_Activity_. Return all of the data below verbatim and exclude every picture.

_Provided records_.
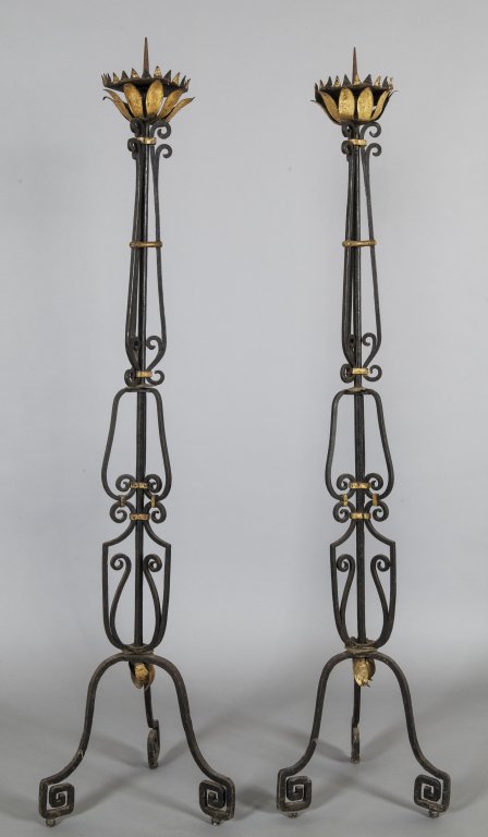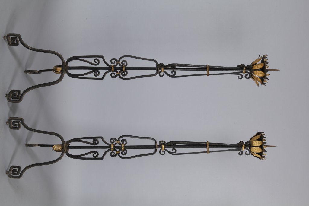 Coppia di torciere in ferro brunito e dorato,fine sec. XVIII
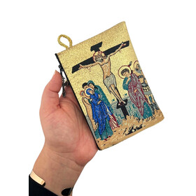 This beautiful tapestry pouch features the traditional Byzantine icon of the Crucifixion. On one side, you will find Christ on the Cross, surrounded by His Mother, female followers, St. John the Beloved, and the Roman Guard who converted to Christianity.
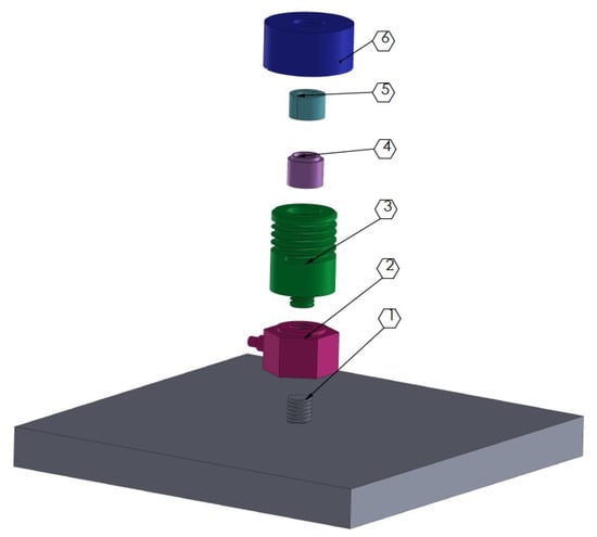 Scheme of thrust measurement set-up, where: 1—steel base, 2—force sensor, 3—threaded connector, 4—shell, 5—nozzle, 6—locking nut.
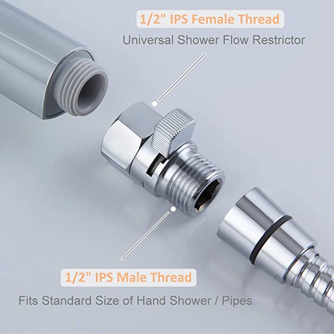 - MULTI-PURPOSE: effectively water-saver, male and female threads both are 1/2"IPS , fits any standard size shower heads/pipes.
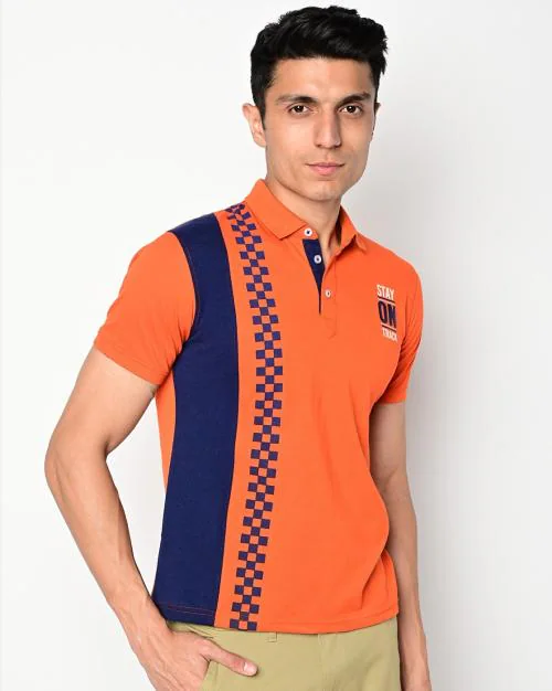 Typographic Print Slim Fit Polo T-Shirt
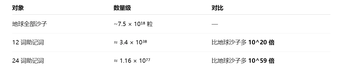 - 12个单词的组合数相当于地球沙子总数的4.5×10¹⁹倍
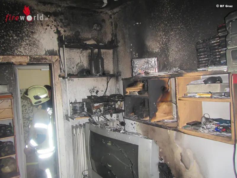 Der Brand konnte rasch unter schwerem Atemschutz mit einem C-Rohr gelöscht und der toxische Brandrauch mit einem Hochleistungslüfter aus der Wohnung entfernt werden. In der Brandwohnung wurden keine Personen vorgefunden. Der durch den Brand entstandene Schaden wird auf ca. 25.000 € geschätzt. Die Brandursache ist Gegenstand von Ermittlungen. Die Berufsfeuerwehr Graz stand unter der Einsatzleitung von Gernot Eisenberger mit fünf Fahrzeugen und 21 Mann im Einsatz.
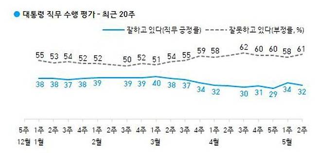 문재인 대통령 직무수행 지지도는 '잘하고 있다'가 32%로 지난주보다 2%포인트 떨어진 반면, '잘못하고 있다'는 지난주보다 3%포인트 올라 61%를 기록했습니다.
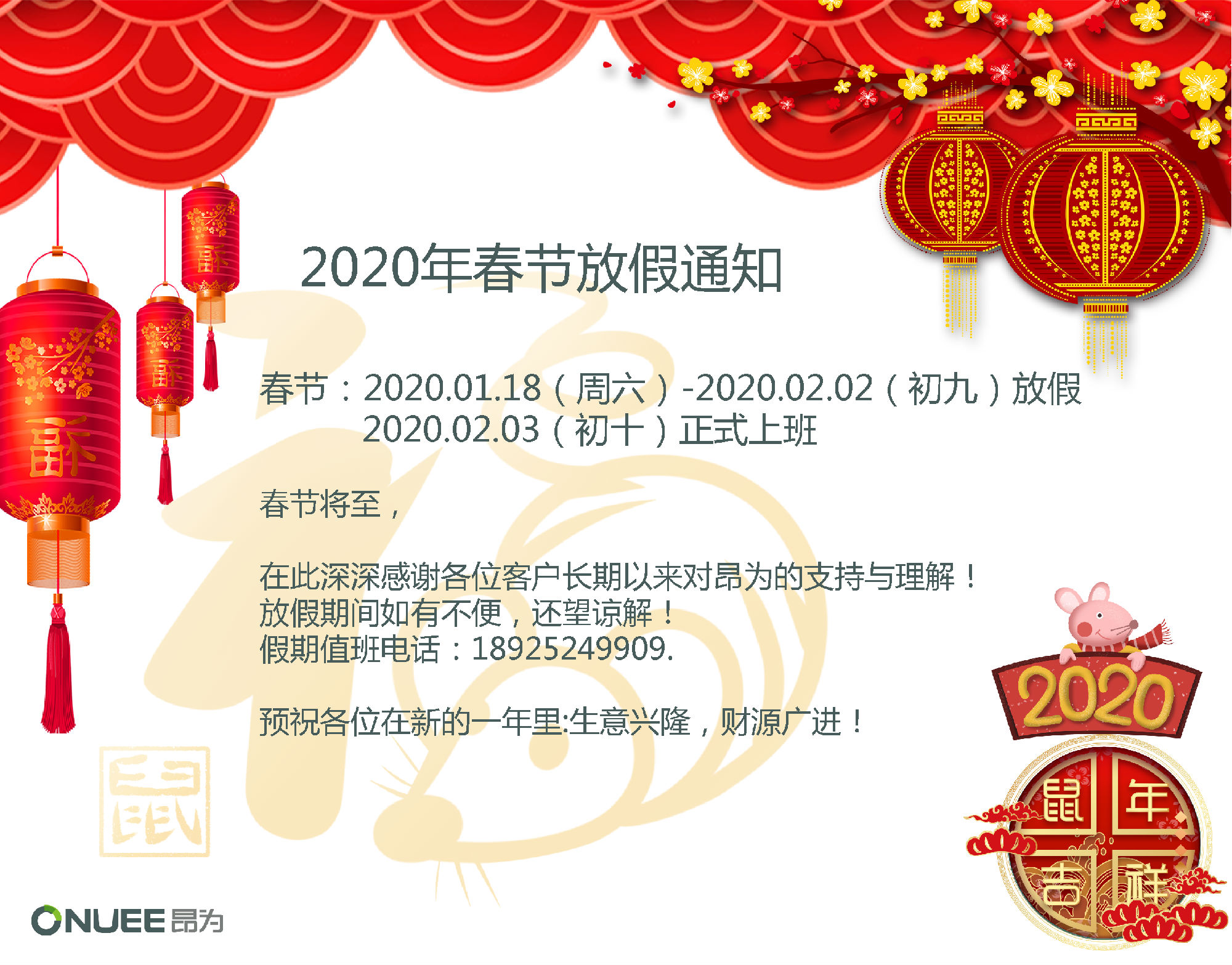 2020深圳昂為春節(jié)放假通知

_Your response_.
 Coppia di torciere in ferro brunito e dorato,fine sec. XVIII
 This beautiful tapestry pouch features the traditional Byzantine icon of the Crucifixion. On one side, you will find Christ on the Cross, surrounded by His Mother, female followers, St. John the Beloved, and the Roman Guard who converted to Christianity.
 Scheme of thrust measurement set-up, where: 1—steel base, 2—force sensor, 3—threaded connector, 4—shell, 5—nozzle, 6—locking nut.
 - MULTI-PURPOSE: effectively water-saver, male and female threads both are 1/2"IPS , fits any standard size shower heads/pipes.
 Typographic Print Slim Fit Polo T-Shirt
 - 12个单词的组合数相当于地球沙子总数的4.5×10¹⁹倍
 Der Brand konnte rasch unter schwerem Atemschutz mit einem C-Rohr gelöscht und der toxische Brandrauch mit einem Hochleistungslüfter aus der Wohnung entfernt werden. In der Brandwohnung wurden keine Personen vorgefunden. Der durch den Brand entstandene Schaden wird auf ca. 25.000 € geschätzt. Die Brandursache ist Gegenstand von Ermittlungen. Die Berufsfeuerwehr Graz stand unter der Einsatzleitung von Gernot Eisenberger mit fünf Fahrzeugen und 21 Mann im Einsatz.
 문재인 대통령 직무수행 지지도는 '잘하고 있다'가 32%로 지난주보다 2%포인트 떨어진 반면, '잘못하고 있다'는 지난주보다 3%포인트 올라 61%를 기록했습니다.
 2020深圳昂為春節(jié)放假通知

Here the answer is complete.